→ **Exercise directions**: Every line of the data should be written out exactly, with the pictures left out.

→ **Recorded information**:
BEGIN
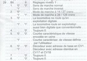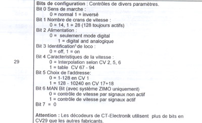 Donc, avec votre centrale vous allez pouvoir programmer chaque bit de chaque CV. Par exemple, toujours pour le CV 29 vous pourrez avec une centrale Intellibox si vous souhaitez faire fonctionner votre loco en 27 crans de vitesse (votre centrale devra elle aussi être en 27 vitesses) programmer le bit 2 du CV 29 en indiquant la valeur 0 (à voir sur l'extrait de la notice ci dessous).
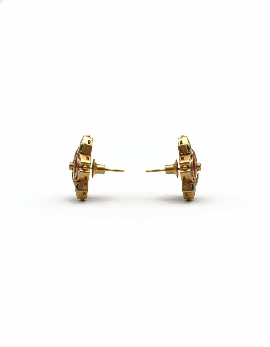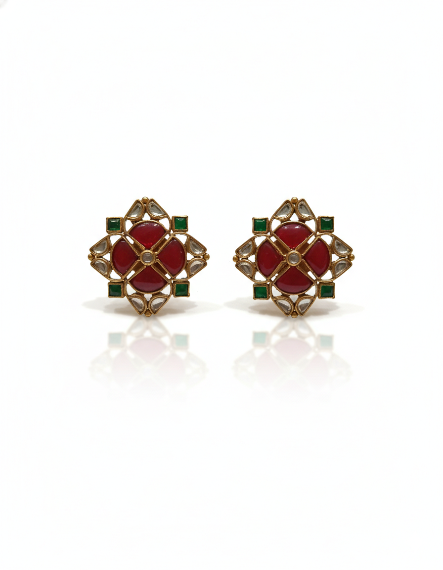 A striking blend of structure and sparkle, these statement stud earrings feature a rich ruby centerpiece framed by luminous polki-style diamonds and vibrant emerald accents. Set in warm gold tones, the geometric floral design reflects heritage craftsmanship with a contemporary edge — perfect for those who love bold elegance and timeless luxury.
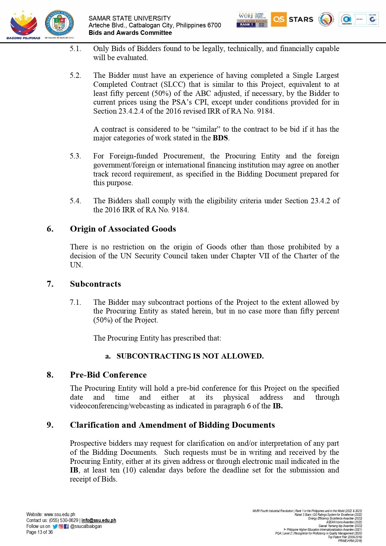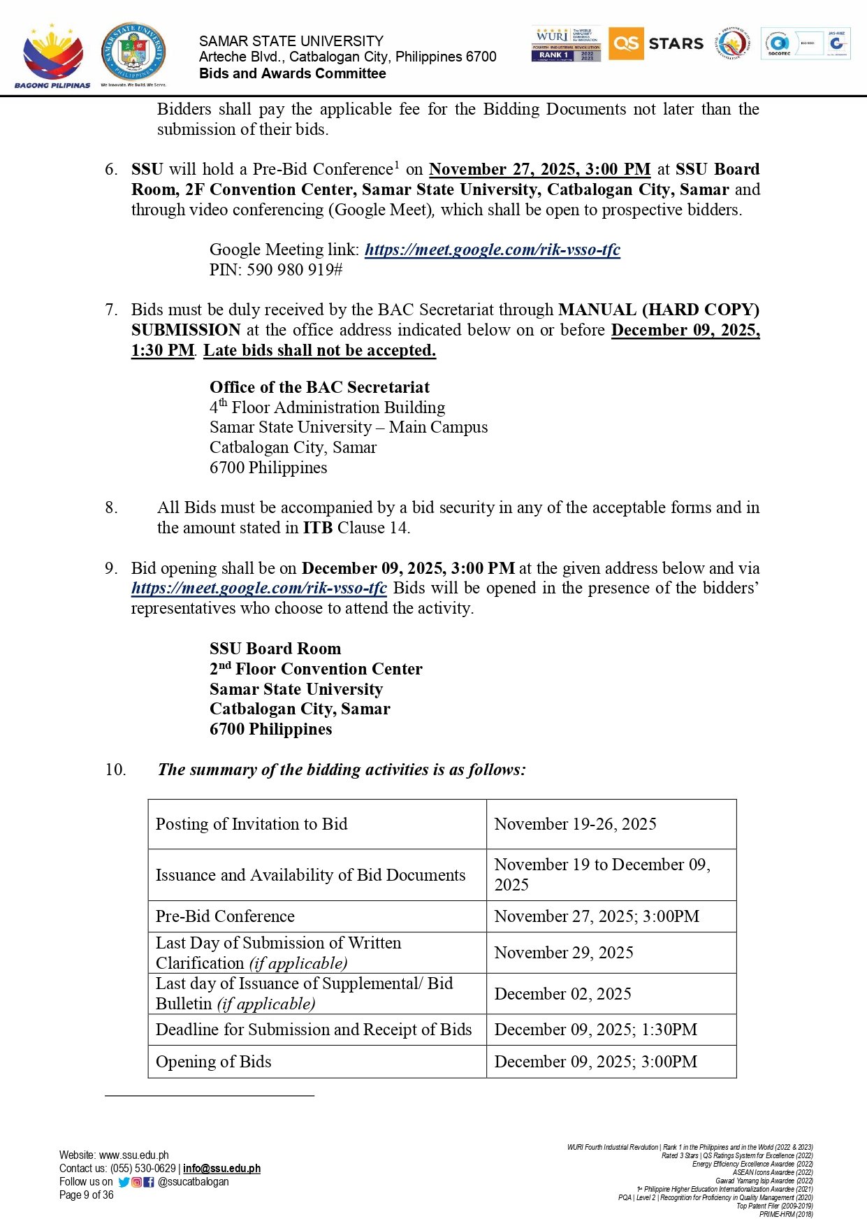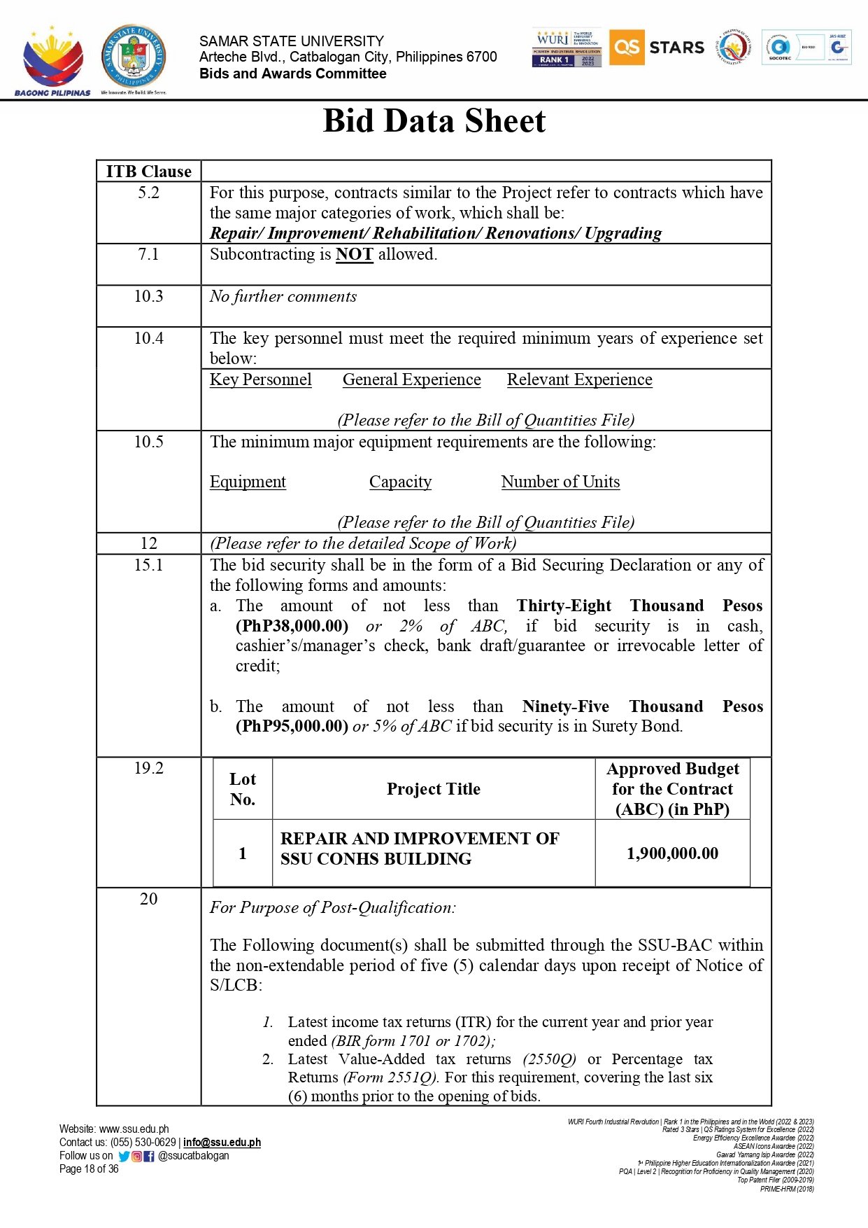 Invitation to Bid for the Repair and Improvement of SSU CONHS Building (Ref No: SSU-2025-11-22)By Admin / November 19, 2025
END
→ **Response**:
 Donc, avec votre centrale vous allez pouvoir programmer chaque bit de chaque CV. Par exemple, toujours pour le CV 29 vous pourrez avec une centrale Intellibox si vous souhaitez faire fonctionner votre loco en 27 crans de vitesse (votre centrale devra elle aussi être en 27 vitesses) programmer le bit 2 du CV 29 en indiquant la valeur 0 (à voir sur l'extrait de la notice ci dessous).
 A striking blend of structure and sparkle, these statement stud earrings feature a rich ruby centerpiece framed by luminous polki-style diamonds and vibrant emerald accents. Set in warm gold tones, the geometric floral design reflects heritage craftsmanship with a contemporary edge — perfect for those who love bold elegance and timeless luxury.
 Invitation to Bid for the Repair and Improvement of SSU CONHS Building (Ref No: SSU-2025-11-22)By Admin / November 19, 2025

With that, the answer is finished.